The Bigger Picture: Branding in the OTA Era
Zoom out, and Lemon Tree’s strategy snaps into focus against the backdrop of the hospitality industry’s digital transformation. Online travel agencies (OTAs) like Booking.com or Expedia have changed the game—travelers book through them, not directly with hotels, shifting power away from property owners. In this world, owning the customer relationship is everything, and branding is the weapon of choice.
Lemon Tree’s multi-brand approach—Aurika, Lemon Tree, Keys—lets it differentiate across segments, giving travelers a reason to choose its properties over a generic OTA listing. Meanwhile, the management fee model ensures it’s not just a landlord collecting rent—it’s a partner delivering consistent service and brand equity. That’s Aggregation Theory again: Lemon Tree isn’t just supplying rooms; it’s aggregating demand by owning the experience, even if someone else owns the walls.

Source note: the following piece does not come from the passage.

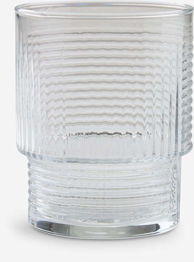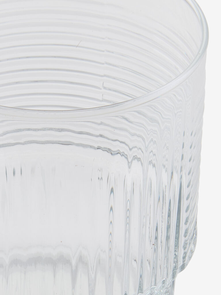 Sklenička z čirého skla s výrazným žebrovaným designem. Tato textura zajišťuje moderní vzhled a pevný úchop. Sklenička má objem 32 cl a je vhodná do myčky. Ø8 x V10 cm

The Bottom Line: A Bet on the Future
Lemon Tree Hotels is playing a fascinating game. Diversification spreads its bets across customer segments. The management fee pivot makes it asset-light and scalable. The REIT-like reorg clarifies its value and sharpens its focus. Together, these moves position Lemon Tree to thrive in a world where the internet—and the OTAs that dominate it—has rewritten the rules of hospitality.
Will it work? That depends. Aurika needs to prove it can compete in the luxury space. The management fee model must scale without diluting quality. The reorganization has to deliver the promised value unlock. But if Lemon Tree pulls it off, it won’t just be a hotel chain—it’ll be a case study in adapting to the digital age.
As I’ve said before, the internet changes everything. For Lemon Tree, it’s not just changing how travelers book rooms—it’s changing how a hotel company builds its empire. This is one to watch.
Most other Hotel chains these days following same strategy including Taj, so what's so unique about Lemon tree strategy. If you could highlight that, then that will help. This strategy is in works by Club Mahindra resorts as well since many years.